The second thought I would offer (to people who worry that revising their theses will take too long) is a question. Which do you think you could do more quickly and with more energy: painfully construct a sham argument while struggling to push down all your new realizations, or explain an argument you believe and already mostly know?

Obviously, I am expecting that most students will answer that the latter option would be easier, but I may well be wrong. If you think the former would be easier—and you know yourself and your situation better than I do—then I sincerely wish you the best of luck. Write like the wind, and may you find solace sleeping in late on the one day of the week when you don’t have class at some ungodly hour in the early morning.

If your answer is the latter option, if you indeed think it would be easier to explain an argument that you believe and already mostly know, then I would point out that this is exactly what I mean when I suggest that you write honestly (which I mentioned in the previous post, “The point of this blog”). This kind of writing requires putting aside the desire to be right and taking up the job of finding out what’s right. It really is a shift in mindset. Don’t start your essays expecting to know exactly how things will play out. You won’t know at the start, and in any event the whole point is to find out things that you didn’t know when you began. If you’re doing essay writing right, in other words, you will discover things later on in the process of writing that you didn’t think of when you began.

You should write honestly, therefore, for two reasons. The first is that it allows you to accomplish the real purpose of essay writing, which is to discover new ideas and not merely to report on ideas already known.

The second reason is if you use an essay for the purpose it was designed to accomplish, it will (surprise, surprise) make your life as a student a lot easier. Trying to use the essay writing process to report on ideas you already know is like trying to use a hockey stick to play lacrosse. A hockey stick is built for playing hockey, and if you use it for that purpose, you’ll have a lot more luck and a lot less frustration. Towards the end of my previous post, “The point of this blog,” I referenced a plaque at the University of Virginia that instructs students to “Seek the light of truth,” and I suggested that maybe seeking the light of truth wasn’t just a possible thing to do, but actually your job as a student. I would point out now that the essay has been given to you as a tool to accomplish this job of seeking the light of truth.
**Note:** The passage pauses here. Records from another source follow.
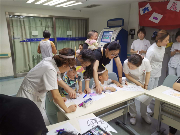 5月31日下午,小儿外科的医护人员利用休息时间,为病房里的小患者们送节日问候,活动在综合大楼12楼大厅举办。
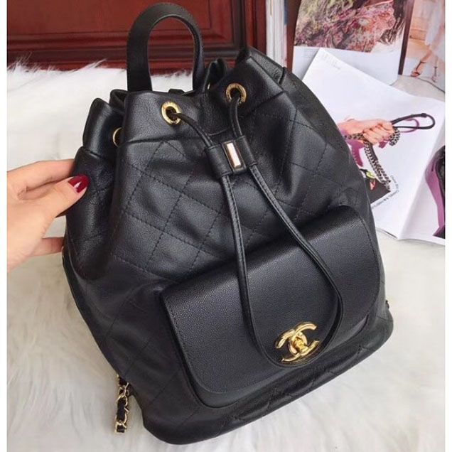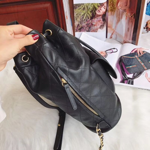 • 샤넬 그레인드 카프스킨 플랩 드로우스트링 백팩 블랙
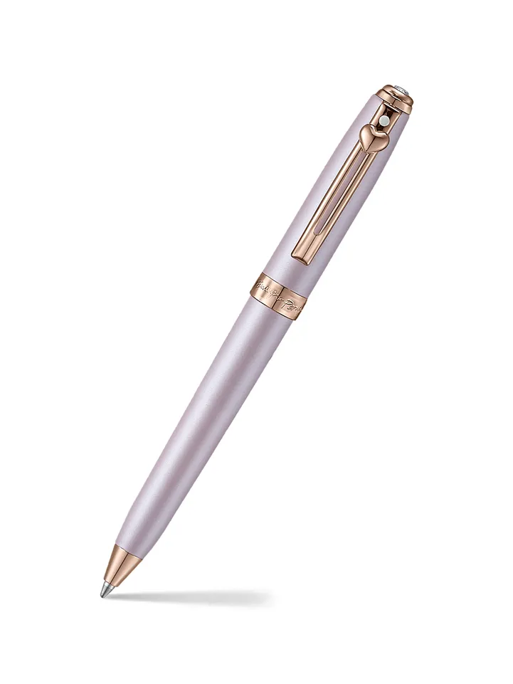 Designed as a compact, travel-friendly version of Sheaffer's iconic Prelude, this miniature ballpoint pen is the perfect blend of Parisian emblem and everyday functionality. Styled in a soft pastel pink lacquer with elegant rose gold PVD trims, it's a nod to the playful sophistication of Emily in Paris. A genuine Swarovski crystal graces the top, adding just the right amount of sparkle. Ideal for smaller hands and on-the-go moments, it fits easily into clutches, travel wallets, and journals. With the co-branded Emily in Paris band, it's as collectible as it is functional. Whether you're jotting down café musings or signing something fabulous, this pen is your perfect Parisian companion-petite, polished, and très chic.
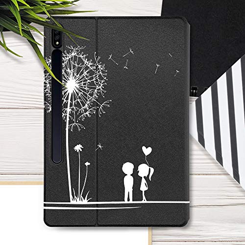 Kwmobile Custodia compatibile con Samsung Galaxy Tab S7 Plus/Tab S7 FE - Custodia Cover Tablet con supporto - Copertina in pelle PU Smart Case con Stand - Amore bianco/nero
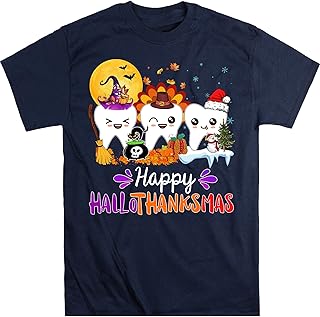 Happy Hallothanksmas Dental Boo Crew Dentist Assistant Shirt Tooth Halloween Thanksgiving Christmas Hallothanksmas – Navy/Large
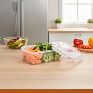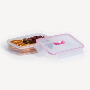 چهار قفل ایمن در اطراف درب و واشر سیلیکونی ضد نشت باعث میشوند هیچ مایع یا بویی از ظرف خارج نشود. بدنه شفاف آن نیز مشاهده آسان محتوا را ممکن میکند.
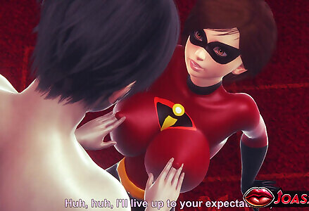 Helen Parr The Incredibles Gets an Orgasm from Breast Play and Cunnilingus - Fingering Her Tight Pussy in 3D Animation
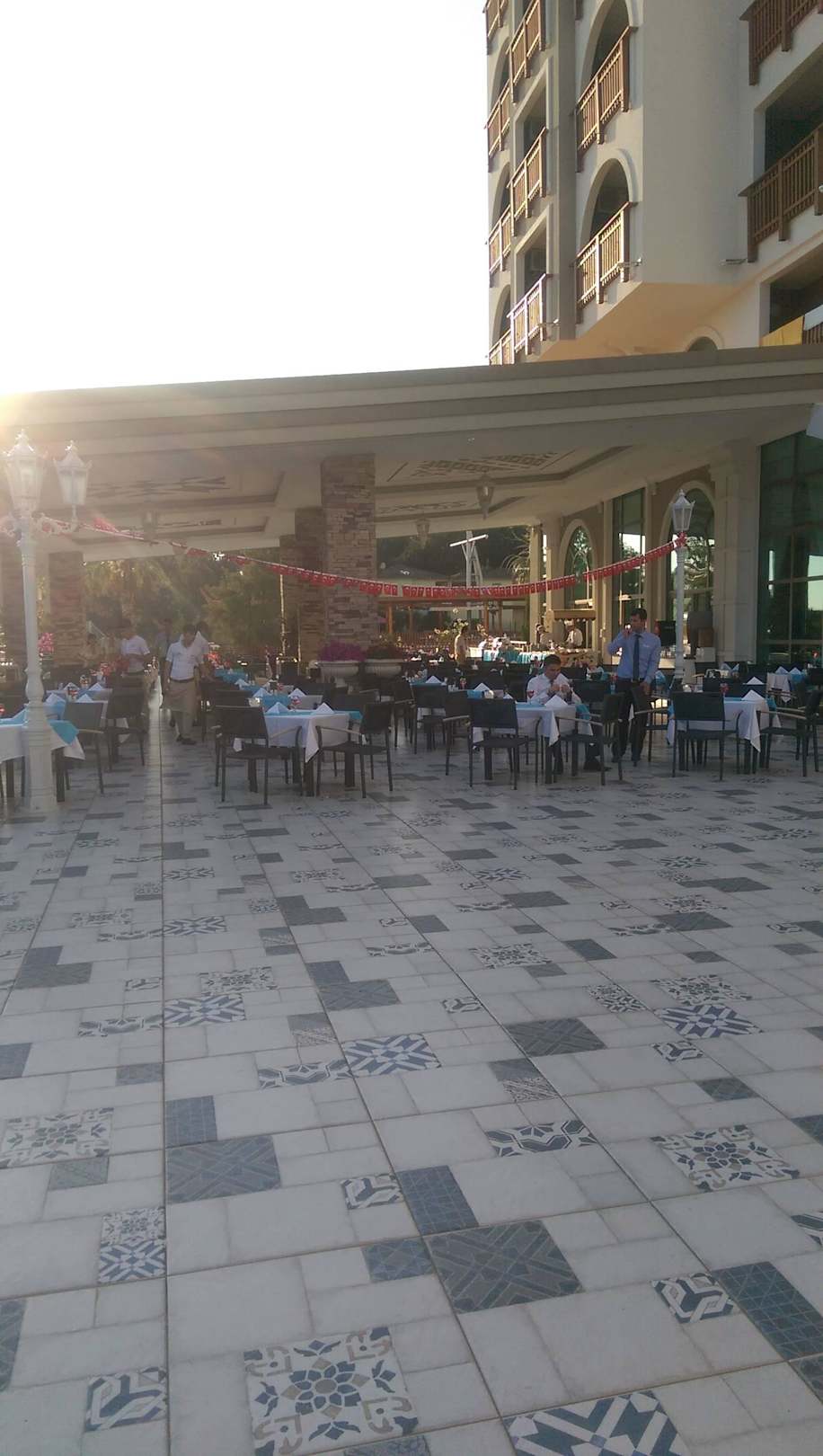 Sitzmöglichkeiten vom Hauptrestaurant draußen
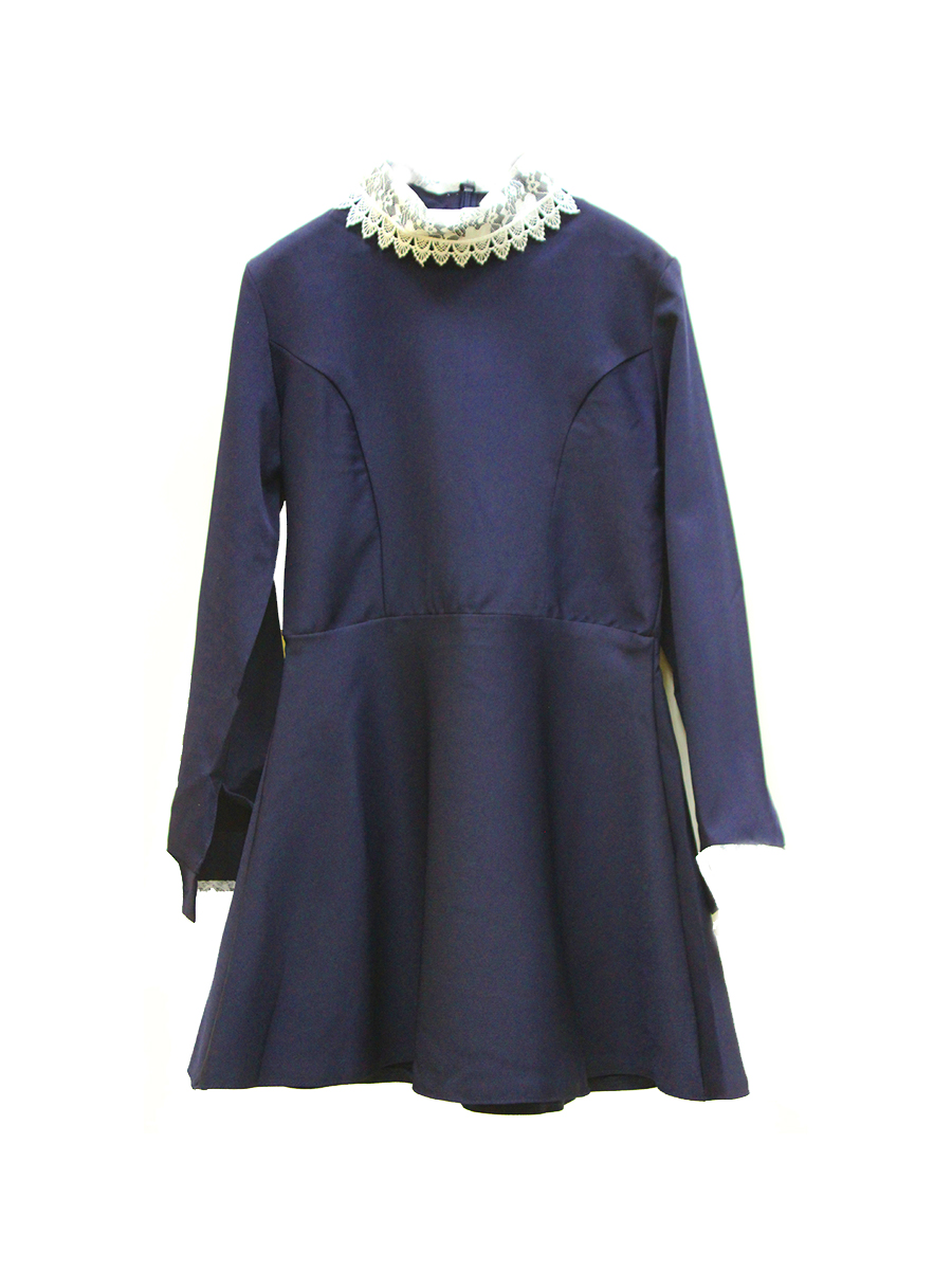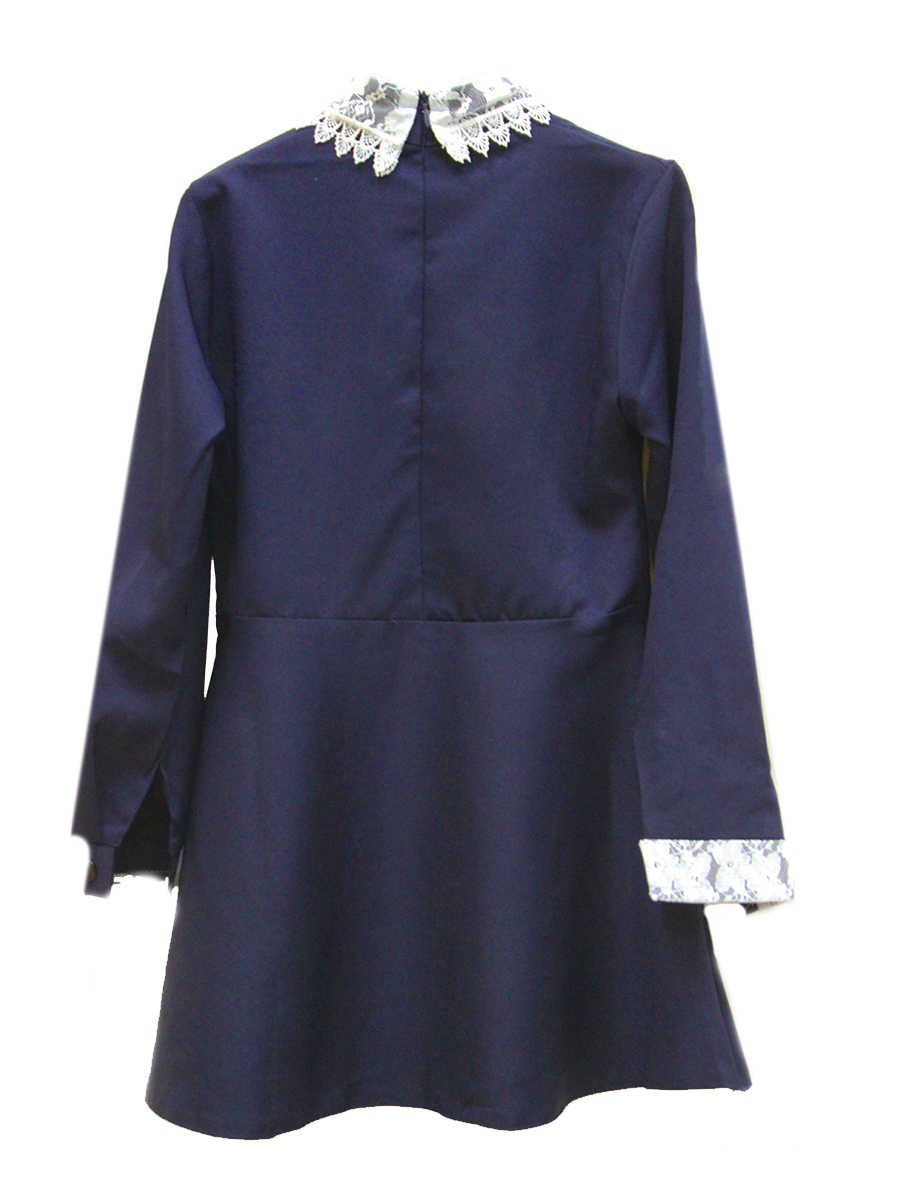Описание: сарафан школьный для девочки синий с белым кружевом.
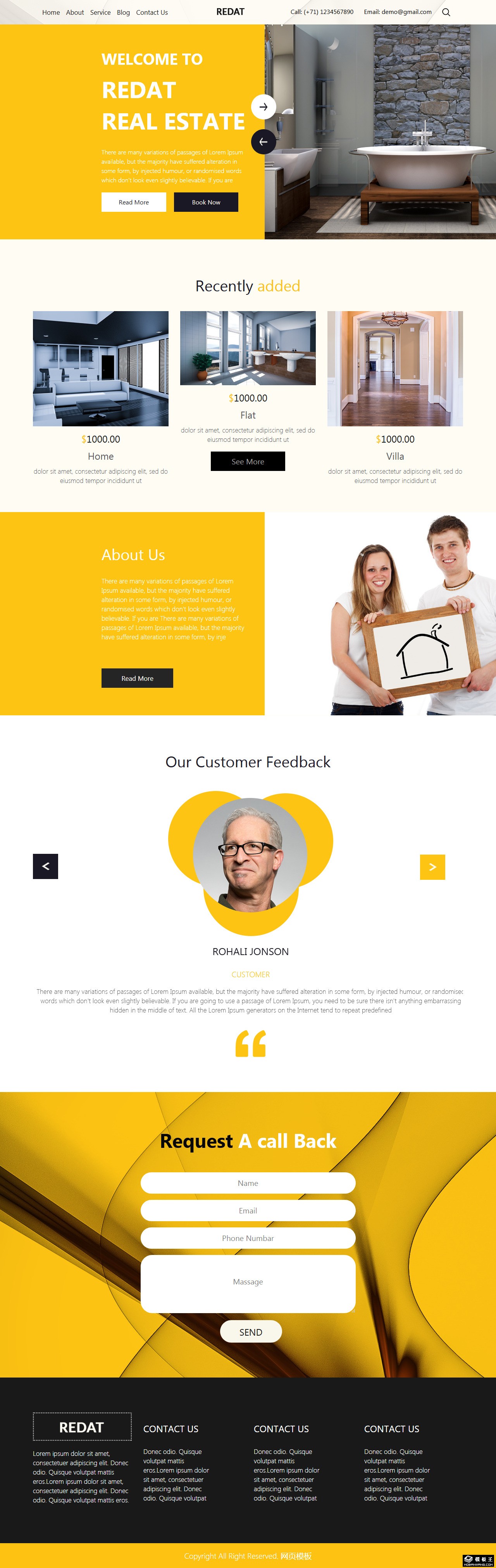黄色高端房产机构网站模板。
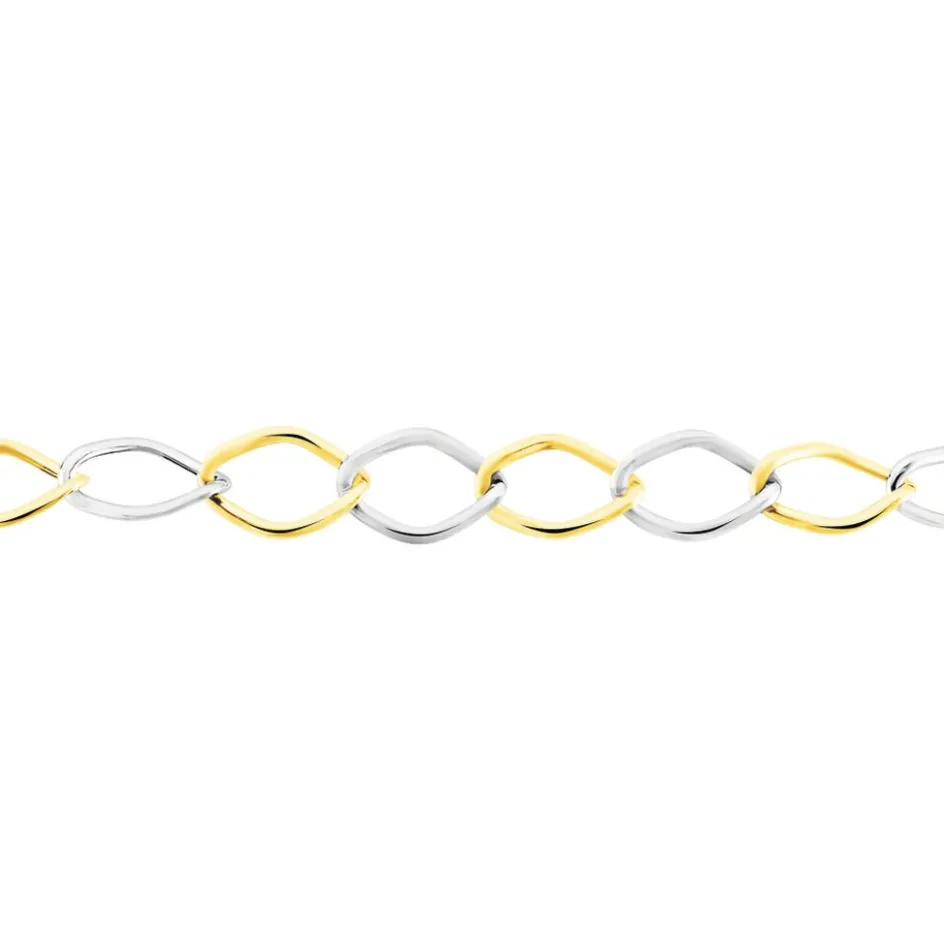 Bracelet Or Bicolore 375/1000 Maille Forçat Losange 19cm

It was not built for proving things you already think, and it will probably not serve you well in that endeavor.

To illustrate what I’ve been talking about, that last paragraph (the one just above this one) is certainly not something that I expected to write when I began drafting this blog post a few hours ago. Actually, this post started out by talking about debate and courtroom argumentation. As you can see, none of that made the final cut—it didn’t seem relevant in the final analysis—but writing through those ideas moved me towards the ones I’ve published in this post. There were certainly more edits, too; I nearly even proofread this post before publishing it. On a larger scale, though, I was worried that the whole thing about getting locked into absolutes wasn’t going to make sense and that I might need to cut it. It ended up staying, just reframed by the introduction paragraph, which I wrote only just before writing this paragraph. My hope in writing that introduction was to help prepare you, as the reader, for the path of thought that my writing ended up taking. And after everything else was said and done, I wrote this paragraph, just to really demonstrate that it’s okay to change things while writing, to show you (again, thinking mainly of first-year students, here) that you will actually have an easier time with college writing if you let yourself be honest and argue the things you come to believe over the course of the writing process.

Maybe my efforts have even paid off.